Psychologists that go Psycho - Part 1 of 2

Almost as often as the courts appoint GALs to represent the legal fiction of “the best interests of the child”, the courts appoint psychologists to do custody evaluations. Just as Judge Kurtz commented about the overuse of GALs in Shelby County (refer back to the GALs Gone Wild blogs), psychologists are overused in Shelby County as well.

Part 1 of Psychologists that go Psycho refers to just two cases, In the matter of Anna Mae He (which was the subject of a post two weeks ago), and Malmquist v. Malmquist.

In Anna Mae He, the Tennessee Supreme Court, in its opinion reversing the decision of Judge Childers, make two stinging comments about Judge Childers’ findings about the testimony of the psychologists:


Several psychologists testified at the trial. None of these witnesses opined that harm would result from continued contact between A.M.H. and her parents or from expanded visitation. Dr. Goldstein, the court-appointed expert, testified that he did not conduct evaluations of the child or the parties (even though evaluations were ordered) and that he did not investigate the attachment between A.M.H. and her parents prior to writing his report. On September 23, 2003, he did monitor the videotaped session with the parents and A.M.H. Dr. Goldstein testified, “I did assume that there was very little attachment to the [parents] based upon the information that I had and based also on my knowledge of psychological development.” Dr. Goldstein did not bring all of his notes to the trial. He testified that he was unable to say whether visitation should take place and unable to give any opinion as to custody. Dr. Goldstein limited his opinion to the best interest of the child, and even as to that topic, he would not render an opinion on whether having no further contact with her parents would be in A.M.H.’s best interest. The chancery court found Dr. Goldstein to be “highly qualified, highly respected . . . . Very knowledgeable, honest and a forthright witness.”

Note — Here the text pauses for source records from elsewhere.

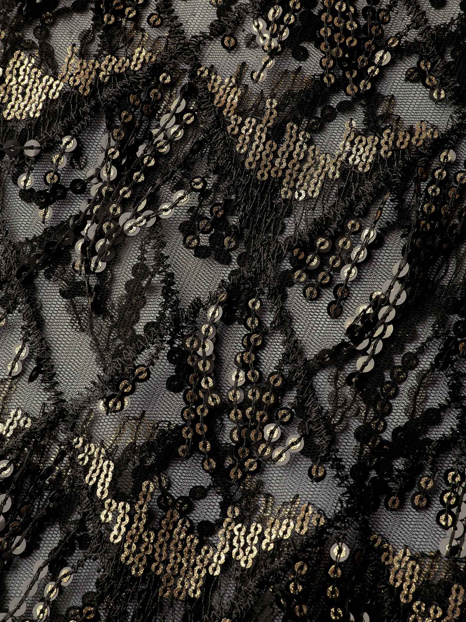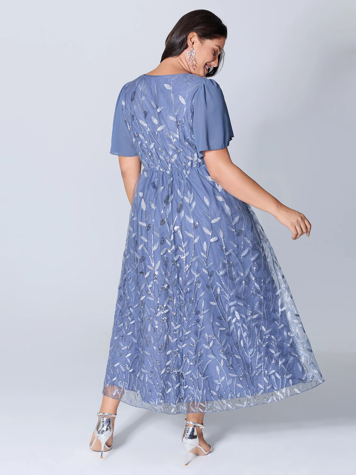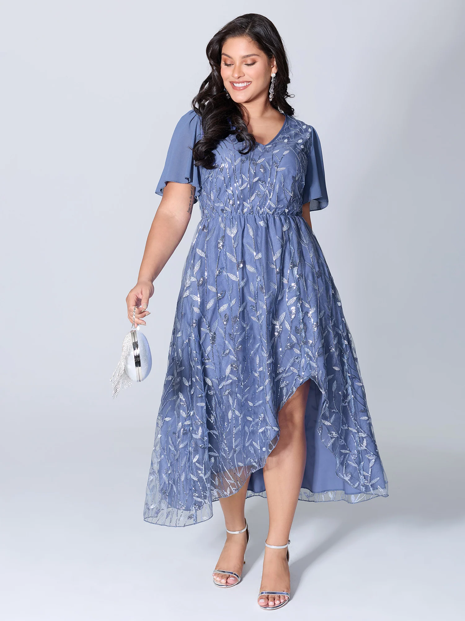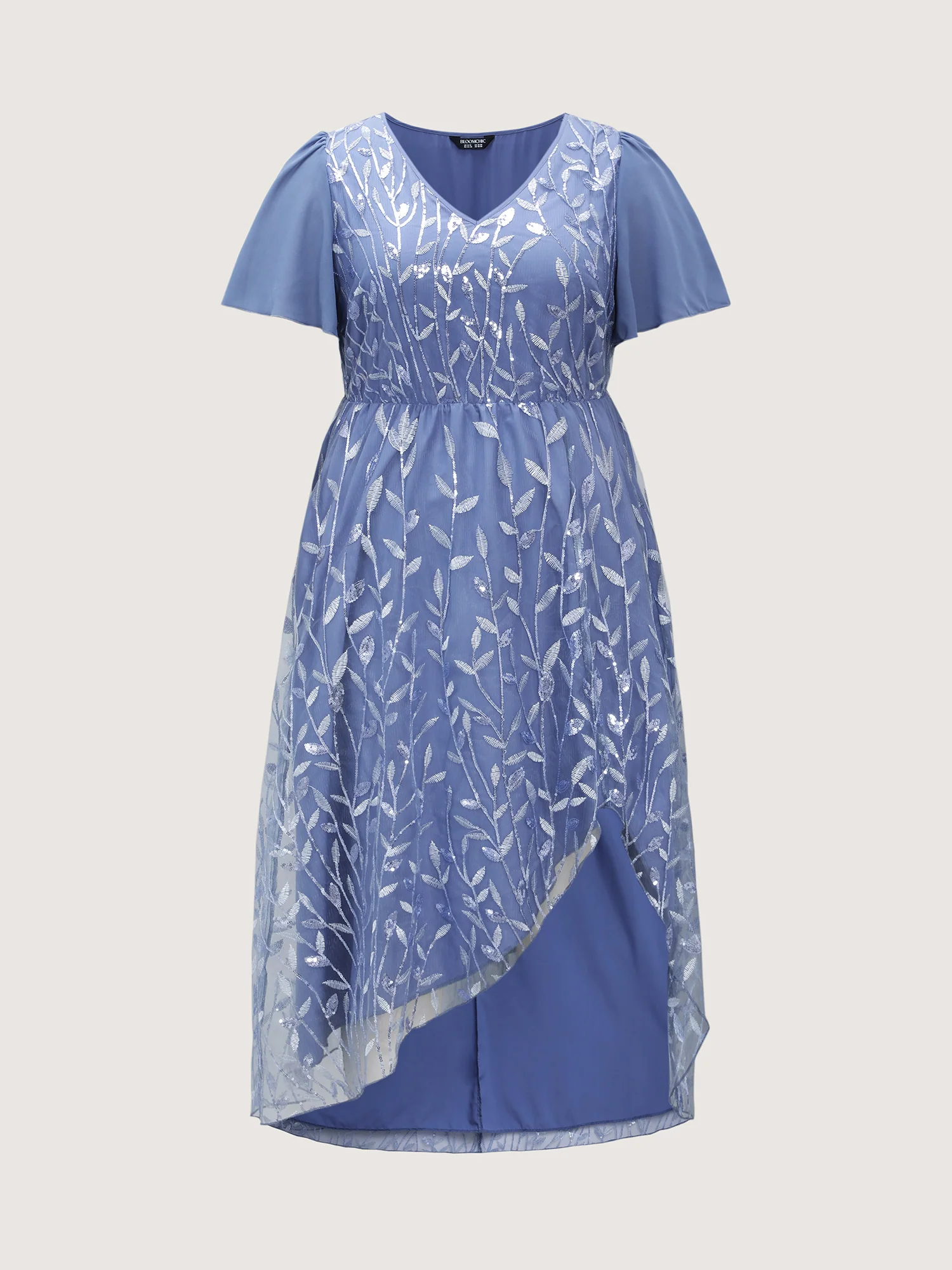 Lace Mesh Petal Hem Leaf Sequin Midi Dress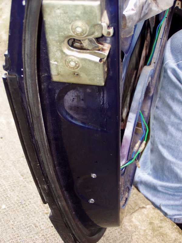 Si tu regardes bien sur les tofs, tu vois sur la tranche de la porte les deux vis de fixation. Le moteur est tout contre la porte. Premier trou un peu au pif, le second avec un autre moteur comme gabarit.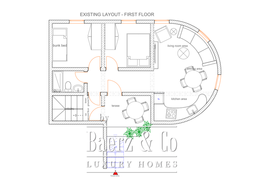 Esta vivienda consta de tres niveles, cada uno con un apartamento independiente de 50 metros cuadrados. La fachada de piedra evoca la herencia arquitectónica de la región y se integra con elegancia en el entorno. El estacionamiento privado para dos vehículos y la conexión directa por carretera asfaltada permiten una llegada cómoda, mientras la entrada en la primera planta aporta un extra de exclusividad.

At the trial, the parents of A.M.H. introduced evidence from three psychologists and a Chinese culture expert to refute the inference that the parents intended for the Bakers to raise A.M.H., to refute the opinion that A.M.H. had no attachment to her parents, and to show that the parents presented no abnormal psychological traits. The psychological experts offered by the parents pointed out what they perceived to be flaws in Dr. Goldstein’s process and report. Dr. John Robert Hutson testified that he had reviewed Dr. Goldstein’s deposition and report and that Dr. Goldstein did no evaluations of the parties. Dr. Hutson opined that there should be ongoing contact between the parents and A.M.H. Both Dr. Hutson and another psychologist, Dr. John Victor Ciocca, reviewed the video of the parents visiting with A.M.H. and found that the child responded favorably to the parents and the parents acted appropriately. The testimony offered by the parents was critical of the court’s prevention of visitation with the child and of Dr. Goldstein’s failure to perform certain evaluations. However, the court found this testimony to be “of little assistance to the court” because Drs. Hutson and Ciocca had never personally interviewed A.M.H.
(emphasis added).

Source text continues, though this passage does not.